Would you transcribe exactly the lines from the beginning of the records below through the line with "The Senior who facilitated the visit to OVC", both included, omitting the pictures?

(Collected data entries)
--

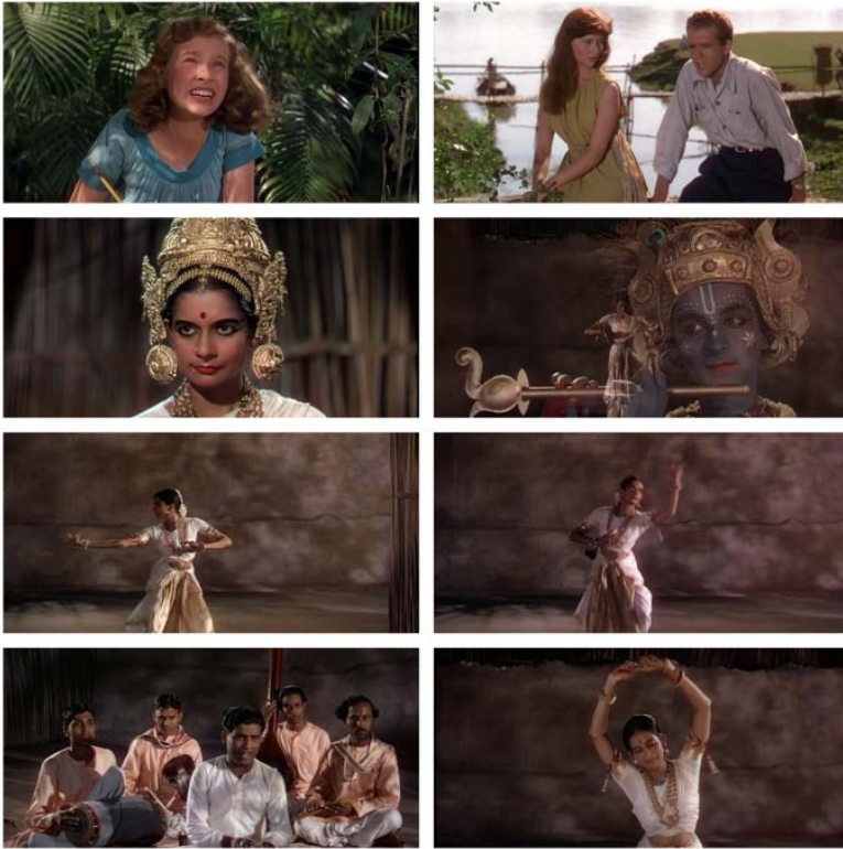
Fig. 1: Stills from Renoir's The River .

I recognise the same movements in Louis Malle's L'Inde Fantôme , a documentary film produced almost twenty years later. As is widely known, in 1968, just before the May events in France, Malle spent a few months in India together with a crew consisting of only a sound technician and a cameraman. Like many other Europeans – including many directors – Malle believed that the land of Gandhi and Nehru could regenerate his outlook on the world. However, the reality he encountered on his journey from the north to the south of the country failed to meet his initial expectations. In the seven episodes of what was to become a television series, he struggles to come to terms with poverty, conflicts, and social and ethnic contradictions. Mysticism, contemplation, harmony, and concord hardly play any part in the documentary, although they do in a sequence featured in the second episode, Choses vues à Madras . At Adyar the French director visits the headquarters of the Theosophical Society, where they teach Bharatanatyam, a 'traditional' Indian
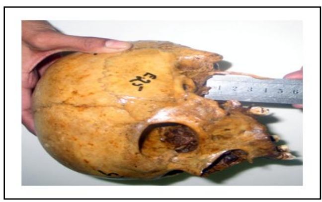
Figure-1: Measuring the left sided styloid process.

difference in occurrence in elongated styloid process<sup>12</sup>, but it is common observation that symptoms of eagle's syndrome are mostly present in female especially after 30 years of age<sup>13</sup>. Similar study was done in Brazilian population<sup>14</sup>, that also showed insignificant statistical difference in gender related elongation but prevalence in females. In contrast to this study, male population of South Kerala<sup>15</sup>, was found to be having prevalence of elongated styloid process (35%) that advances with advancing age.
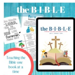
The BIBLE Unit 1: Genesis to Ezra (13 Week Curriculum) from $97 $125
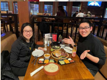
The Senior who facilitated the visit to OVC

To conclude, being a part of the WISE program was an encounter and offer of a lifetime, which have marked as a turning point in my life as a clinician. I will soon be beginning my journey as a rotating intern in small animal medicine at the Western College of Veterinary Medicine, Saskatchewan, and hopefully I will be able to match with a residency program in Veterinary Internal Medicine.
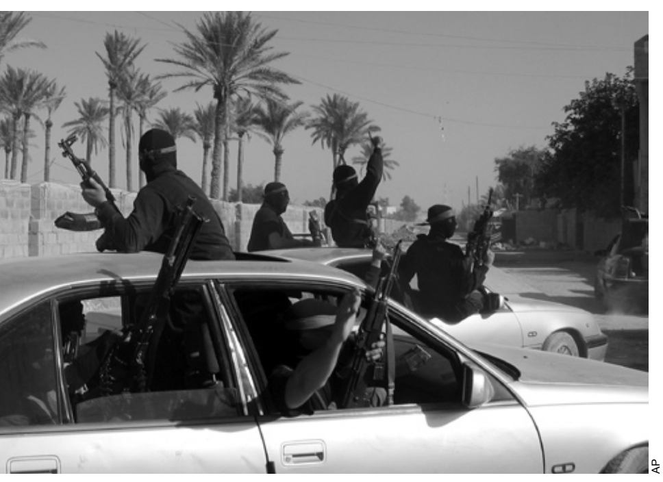
Armed militants drive through Ramadi, Iraq, 5 December 2006.

U.S. Marine Corps aircraft arrived overhead to perform "show of force" sorties designed to intimidate the insurgents and convince them that air attack was imminent. Next, a ground reaction force from Task Force 1-9 Infantry began preparations to move to the area and establish defenses for the Albu Soda tribe. Because we were viewing the area using aerial sensors, our vision of the fight was indistinct, and we were unable to separate insurgents from the friendly tribesmen. We did not want to attack the friendly tribe by mistake, so we undertook actions to intimidate the insurgents by firing "terrain denial" missions. Explosions in empty nearby fields raised the possibility of suppressive artillery fire in the minds of the enemy. Complemented by the roar of fighter jets, the startled AQIZ forces became convinced that massive firepower was bearing down on them. They started to withdraw, separating themselves from their victims.
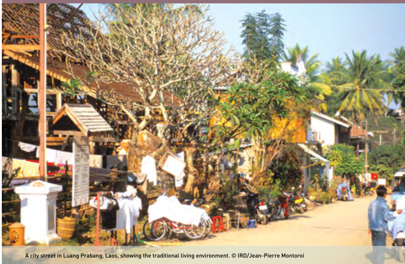
A city street in Luang Prabang, Laos, showing the traditional living environment.

The city of Chinon and France’s Centre region contributed to creating the municipality of Luang Prabang in the framework of implementing Laos’ decentralization, including by building administrative capacities and undertaking population outreach operations regarding urban and environmental themes. Lastly, this cooperation contributed to cooperation projects in the fields of water management and the development of the Mekong’s river heritage.
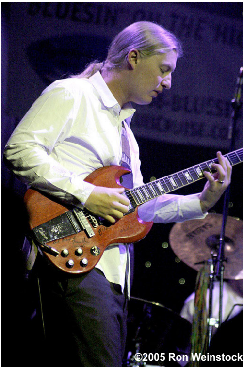
Derek Trucks.

at all. Dr. John mixes jazz and blues into his Creole voodoo swamp gumbo, and Derek Trucks, though he played some blues, was really more of a jazzy jam band. In fact, he even did a version of John Coltrane's take on "Greensleeves" that blew
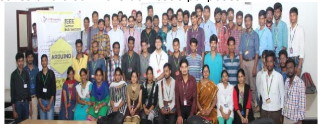
Participants of the Arduino Workshop at KLU
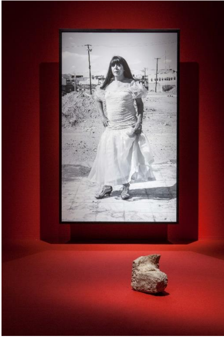
Teresa Margolles, Karla, Hilario Reyes Gallegos , 2016 B/w print: 242 x 153 cm, framed Facsimile: 32 x 26 cm, framed Found object: 21 x 38 x 12 cm

--

> **Response to this exercise**
Fig. 1: Stills from Renoir's The River .

I recognise the same movements in Louis Malle's L'Inde Fantôme , a documentary film produced almost twenty years later. As is widely known, in 1968, just before the May events in France, Malle spent a few months in India together with a crew consisting of only a sound technician and a cameraman. Like many other Europeans – including many directors – Malle believed that the land of Gandhi and Nehru could regenerate his outlook on the world. However, the reality he encountered on his journey from the north to the south of the country failed to meet his initial expectations. In the seven episodes of what was to become a television series, he struggles to come to terms with poverty, conflicts, and social and ethnic contradictions. Mysticism, contemplation, harmony, and concord hardly play any part in the documentary, although they do in a sequence featured in the second episode, Choses vues à Madras . At Adyar the French director visits the headquarters of the Theosophical Society, where they teach Bharatanatyam, a 'traditional' Indian
Figure-1: Measuring the left sided styloid process.

difference in occurrence in elongated styloid process<sup>12</sup>, but it is common observation that symptoms of eagle's syndrome are mostly present in female especially after 30 years of age<sup>13</sup>. Similar study was done in Brazilian population<sup>14</sup>, that also showed insignificant statistical difference in gender related elongation but prevalence in females. In contrast to this study, male population of South Kerala<sup>15</sup>, was found to be having prevalence of elongated styloid process (35%) that advances with advancing age.
The BIBLE Unit 1: Genesis to Ezra (13 Week Curriculum) from $97 $125
The Senior who facilitated the visit to OVC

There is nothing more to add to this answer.